Saved data entries
-=-=-

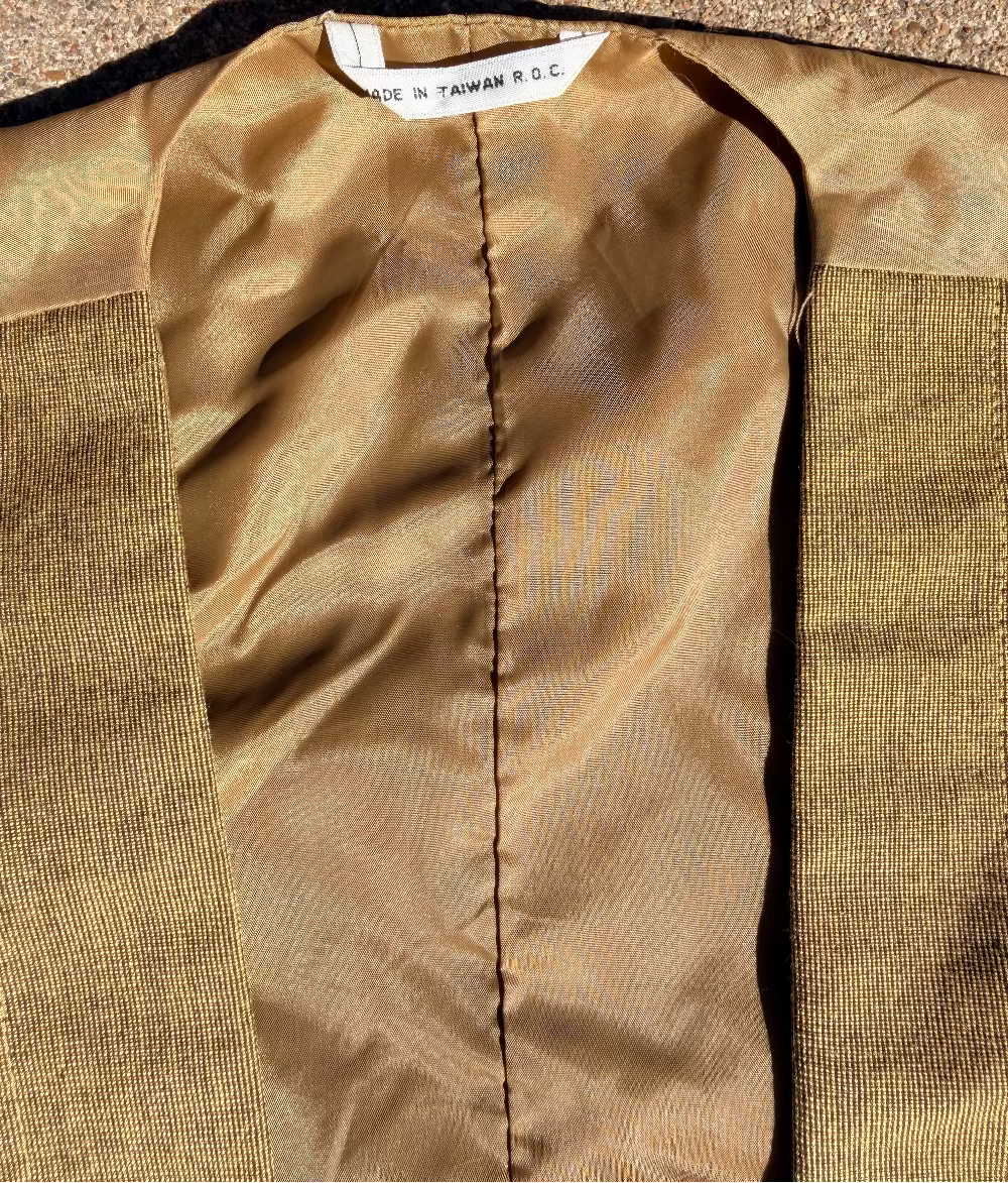 Sleek vintage men’s vest by Index featuring a deep scoop neckline, double-breasted brass-tone button front & pointed hem. Warm camel-brown woven fabric w/ two welt pockets & full satin lining. Classic 90s tailoring w/ a slightly Western-meets-steampunk edge.
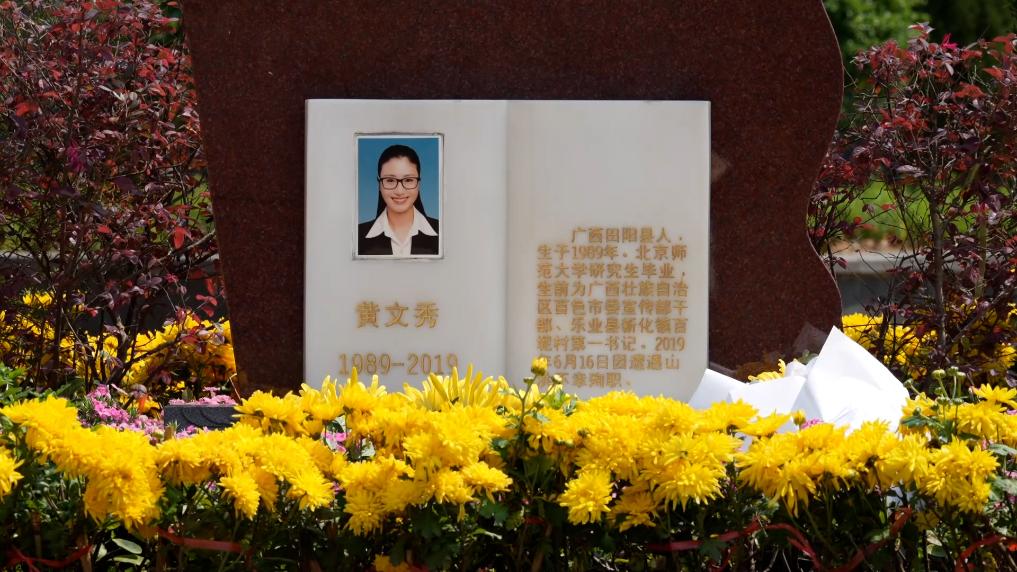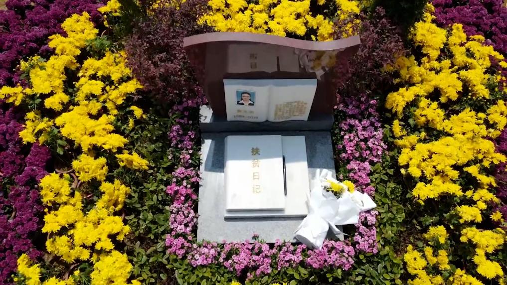 黄文秀墓前摆放着《扶贫日记》雕塑
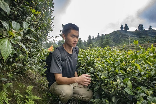 为了更加深入了解双峰村的状况,我们上午和工作人员前往了生态茶园。期间道路十分陡峭,到达时,我们已经汗流浃背。茶园在当地的山顶,视野及其良好,甚至能够看到屏山县和岷江。中午当地村民热情招待了我们,在其他地方很难感受到这份质朴。
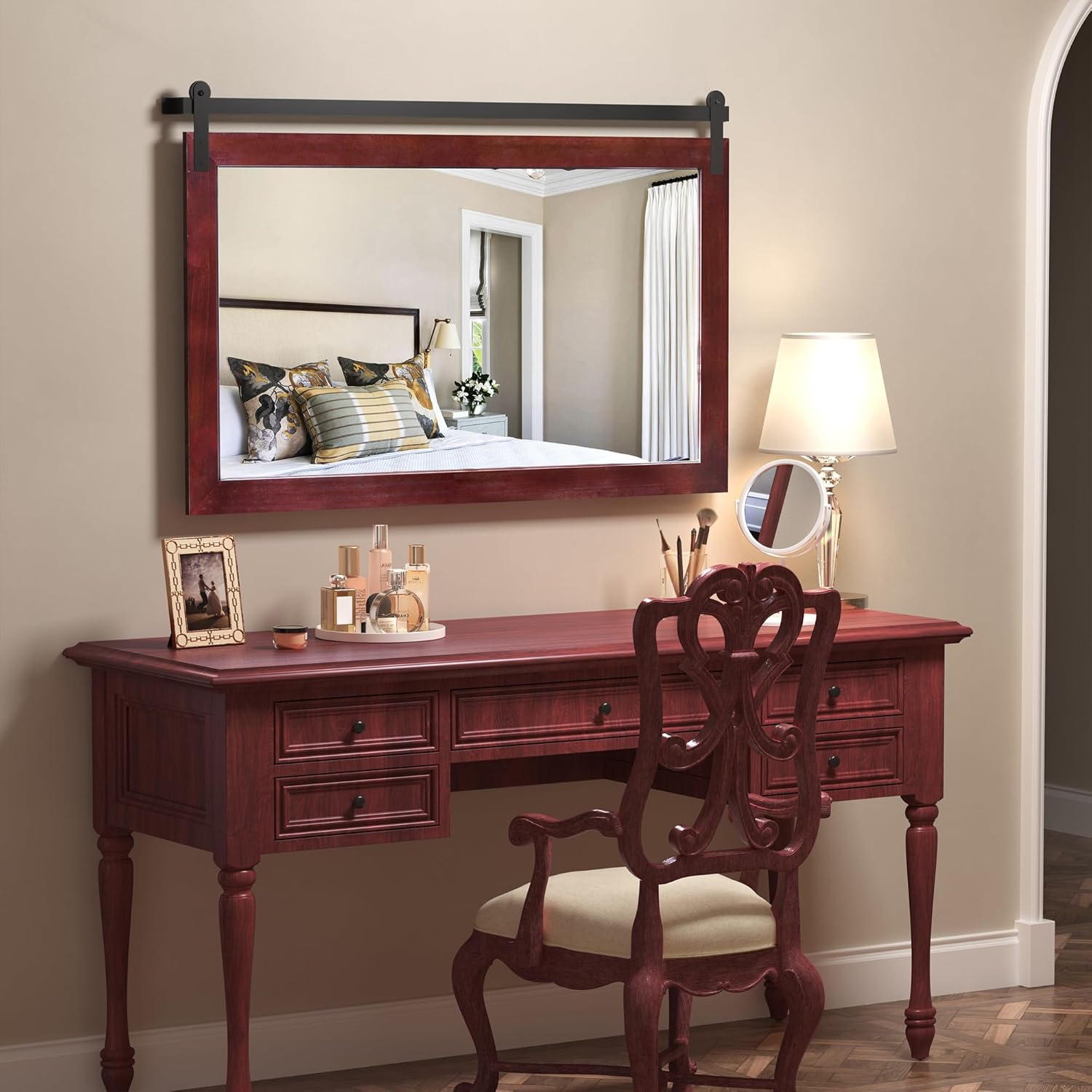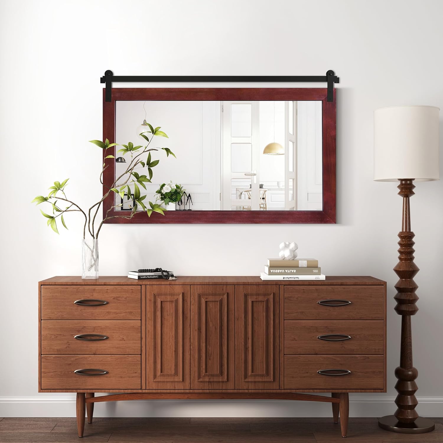 - EASY TO INSTALL: The overall size of this rustic mirror is 44.9 x 29.9 x 0.7 inch, and the display size of the mirror is 38.6 x 22.8 inch. The track is 45 inch. You can first fix the iron bracket on the mirror, then install the track on the wall, and finally the wheels on the iron bracket will be stuck into the track to complete the hanging
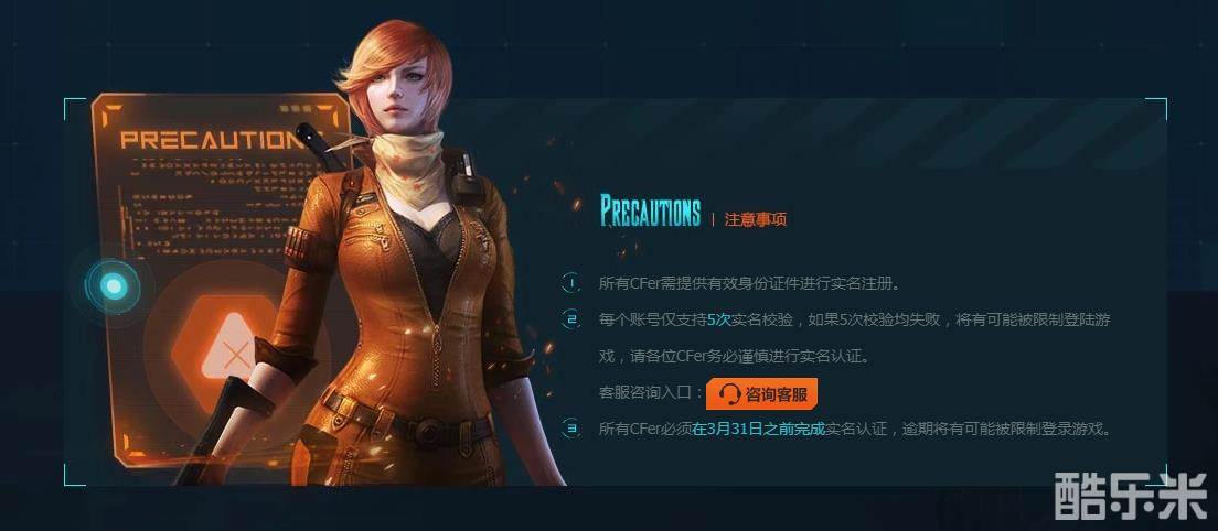 根据2010年8月1日实施的《网络游戏管理暂行办法》,网络游戏用户需使用有效身份证件进行实名注册。实名信息将会判断是否纳入防沉迷系统之用,如果未进行实名认证,可能会对以后的游戏体验有所影响,所以各位CFer一定要按时认证,认证成功的用户是可以在活动中领取奖励的。
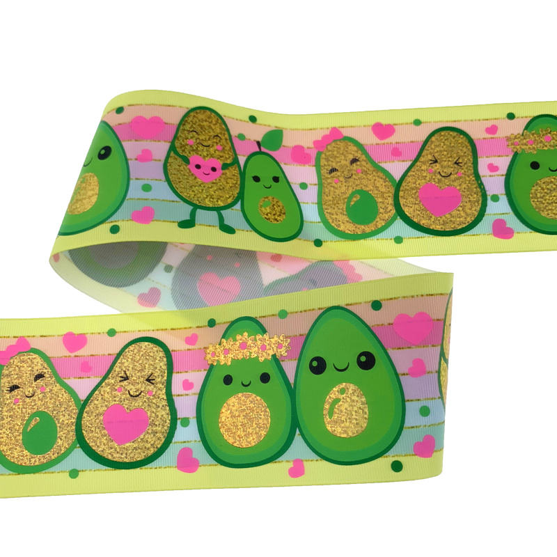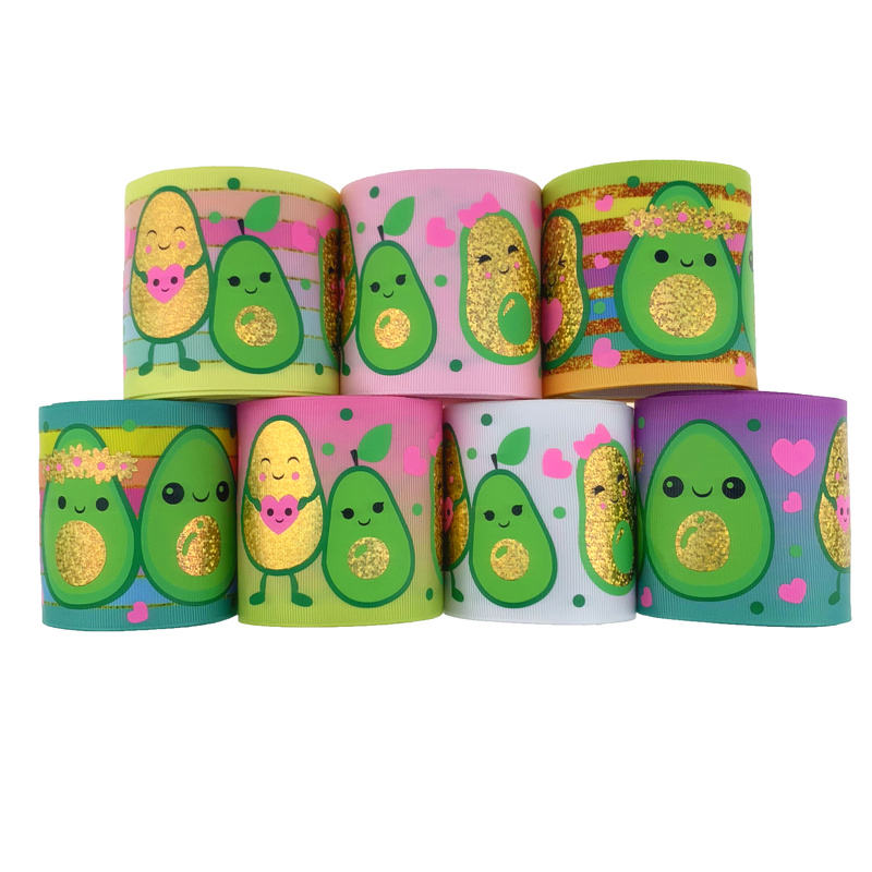 Cinta de Grosgrain con Estampado de Aguacate, Diseño de Personaje de Aguacate en Lámina Dorada para Manualidades, Envoltura de Regalos, Colores Pastel Surtidos

-=-=-

> _Description of the task_:
Copy out all the records exactly as they read, and omit the pictures.

> _Result of the exercise_:
 Sleek vintage men’s vest by Index featuring a deep scoop neckline, double-breasted brass-tone button front & pointed hem. Warm camel-brown woven fabric w/ two welt pockets & full satin lining. Classic 90s tailoring w/ a slightly Western-meets-steampunk edge.
 黄文秀墓前摆放着《扶贫日记》雕塑
 为了更加深入了解双峰村的状况,我们上午和工作人员前往了生态茶园。期间道路十分陡峭,到达时,我们已经汗流浃背。茶园在当地的山顶,视野及其良好,甚至能够看到屏山县和岷江。中午当地村民热情招待了我们,在其他地方很难感受到这份质朴。
 - EASY TO INSTALL: The overall size of this rustic mirror is 44.9 x 29.9 x 0.7 inch, and the display size of the mirror is 38.6 x 22.8 inch. The track is 45 inch. You can first fix the iron bracket on the mirror, then install the track on the wall, and finally the wheels on the iron bracket will be stuck into the track to complete the hanging
 根据2010年8月1日实施的《网络游戏管理暂行办法》,网络游戏用户需使用有效身份证件进行实名注册。实名信息将会判断是否纳入防沉迷系统之用,如果未进行实名认证,可能会对以后的游戏体验有所影响,所以各位CFer一定要按时认证,认证成功的用户是可以在活动中领取奖励的。
 Cinta de Grosgrain con Estampado de Aguacate, Diseño de Personaje de Aguacate en Lámina Dorada para Manualidades, Envoltura de Regalos, Colores Pastel Surtidos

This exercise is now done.